Feature Articles


January Issue 2002

Halsey Gallery in Charleston, SC, Features Works by Maggie Taylor & Jerry N. Uelsmann

The William Halsey Gallery at the College of Charleston's School of the Arts in Charleston, SC, will host an exhibition entitled Points of Intervention, featuring the manipulated photographs of Maggie Taylor and Jerry N. Uelsmann from Jan.10 - Feb. 16, 2002.

Each of these internationally acclaimed artists intervene at a different point in the photographic process to produce their enigmatic images. Taylor will lecture about her work on Jan.10 at 4pm in the gallery. She will conduct a demonstration of her digital imaging techniques in the gallery at 2pm on Jan. 11. Uelsmann will speak about his photography also on Jan. 11 at 4pm in room 309 of the Simons Center.
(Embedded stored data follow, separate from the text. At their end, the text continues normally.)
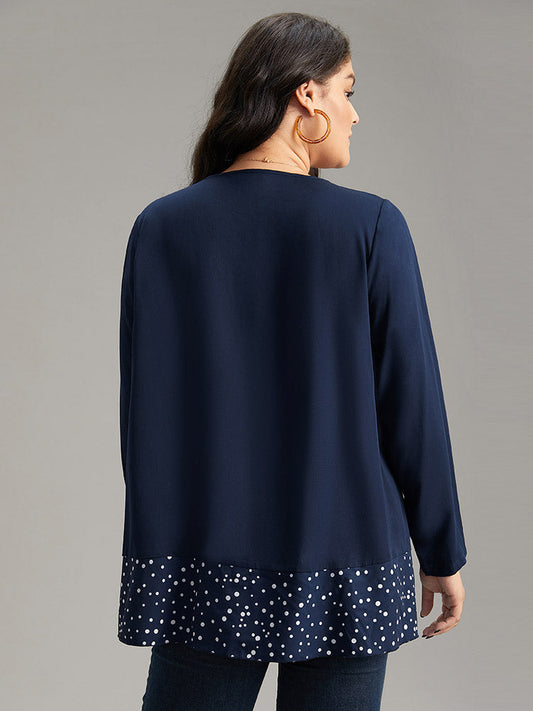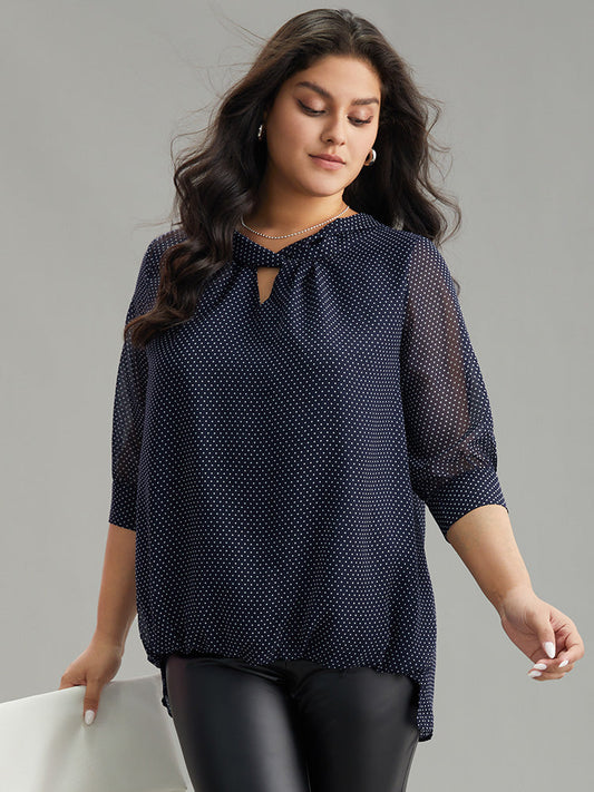 Chiffon Polka Dot Mesh Keyhole Twist Front Blouse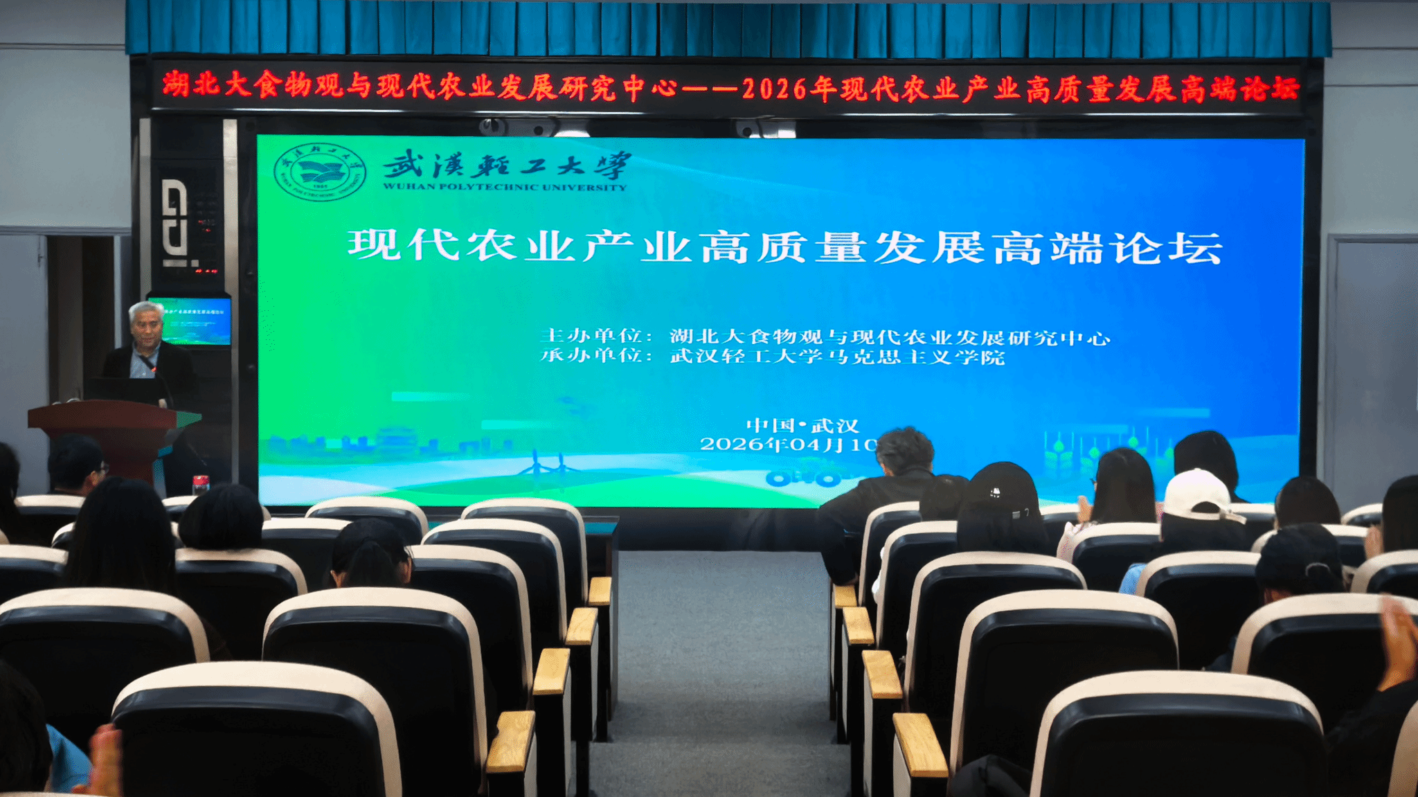 为深入推进大食物观研究、拓展农业国际化视野,助力农业强国与乡村振兴战略实施,4月10日上午,武汉轻工大学马克思主义学院联合湖北大食物观与农业发展研究中心在积学楼209会议室举办2026年现代农业产业高质量发展高端论坛。本次论坛特邀韩国东西大学朴弘植教授、马克思主义学院张健博士作专题学术报告。院长胡沫主持会议,学院全体教师及研究生参会。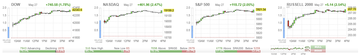 모든 주요 지수가 2% 내외로 상승하며 5월 반등 흐름을 이어갔습니다. 특히 기술주 중심의 나스닥이 강세를 주도했고, 러셀2000도 중소형주 중심의 투자심리 개선을 반영했습니다. 전일 하락에 따른 저가 매수세 유입과 함께 국채금리 안정, AI 관련주 기대감이 상승을 견인했습니다.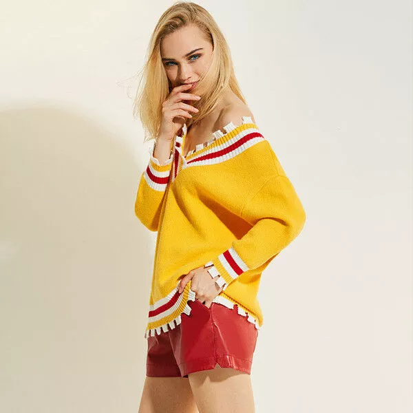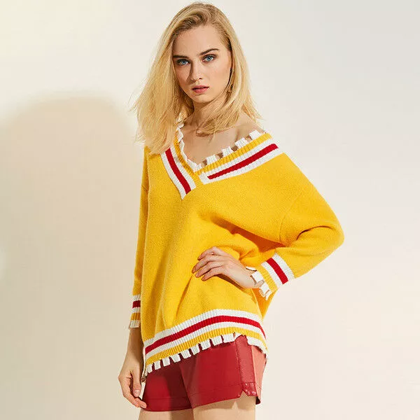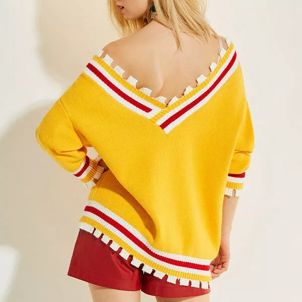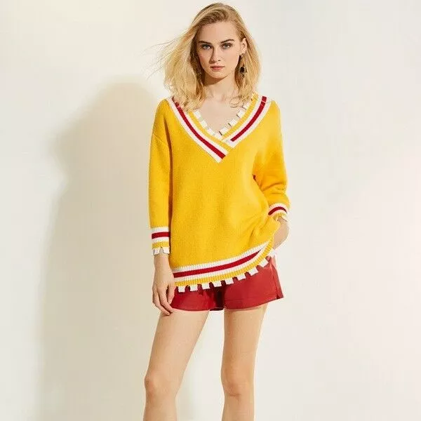maglia maglione maglia donna maniche lunghe giallo rosso acceso morbida 4611

Uelsmann's photographs are as immediately recognizable as they are visually potent. He has become one of the most successful photographic artists of the last thirty years and remains a pioneer within the field. Uelsmann's work has been exhibited in over 100 solo exhibitions and his photographs are in the permanent collections of many major museums worldwide, including the Metropolitan Museum of Art and the Museum of Modern Art in New York, the Chicago Art Institute, the International Museum of Photography at the George Eastman House, the National Museum of American Art in Washington, and the Victoria and Albert Museum in London.
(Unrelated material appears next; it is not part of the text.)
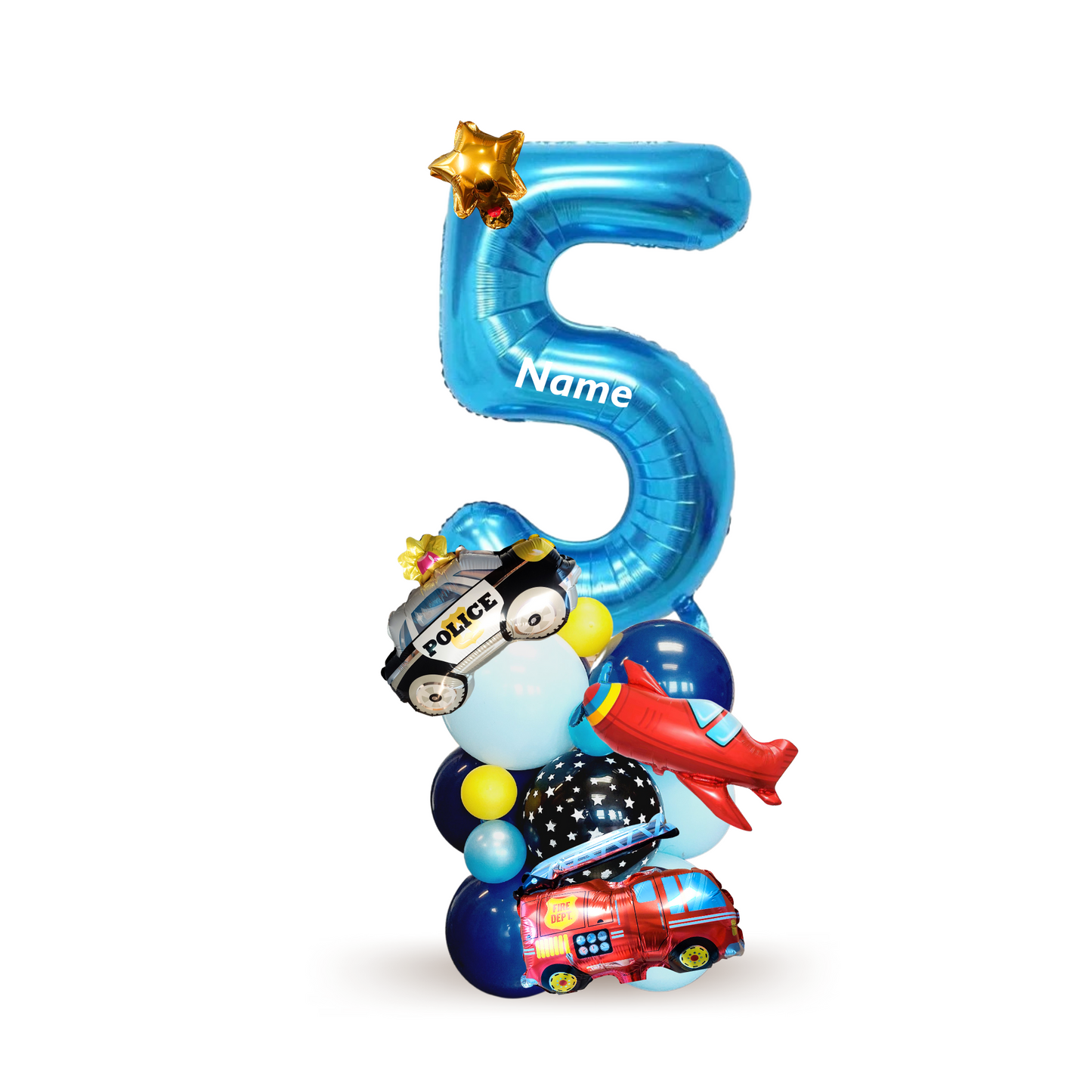 Pack includes: 12-pack 12" latex balloons in dark blue, pastel blue, black star print, 1-pack 40" blue number balloon, 4-pack 5" mixed yellow, blue balloon, 3-pack small foil balloon(fire engine, police car and air plane), 1-pack small gold star balloon, balloon glue dots, balloon ribbon. 1-pack name sticker is optional.

Utilizing only traditional darkroom technique. (and up to eight enlargers), Uelsmann manipulates and combines familiar images and landscapes into unfamiliar creations that conjure up notions of surrealism, mysticism and even Jungian archetypes. It has been said of his work, "The visually plausible but philosophically impossible situations presented in Jerry Uelsmann's photographs contradict the essential information we have come to expect from photographs. By subverting the currency of literal fact, Uelsmann releases us from the constraints of photography's mimetic function. No longer burdened by representation, we naturally return to our internal, nonlinear faculties of thought and feeling to savor the Inexpressible resonance of his... visions."

Maggie Taylor

From a technological standpoint the work of Maggie Taylor could not be more different from that of Uelsmann. For the past five years she has been using a flatbed scanner instead of a traditional camera to record and interpret collected objects, text and images. These are combined through digital manipulations, as well as being physically constructed on the scanner. The resulting inscrutable creations of Taylor have a distinct resonance with the photographs of Uelsmann. Also widely exhibited and collected, Taylor's work is beginning to gain national and international acclaim. When describing her unique tableaux Taylor suggests, "the images work on two levels: they are about these specific objects, yet they also invite reverie or recollections. I like to think that the objects are obviously symbolic, but not symbolically obvious."

The exhibition is co-sponsored by the Visual Arts Club at the College of Charleston.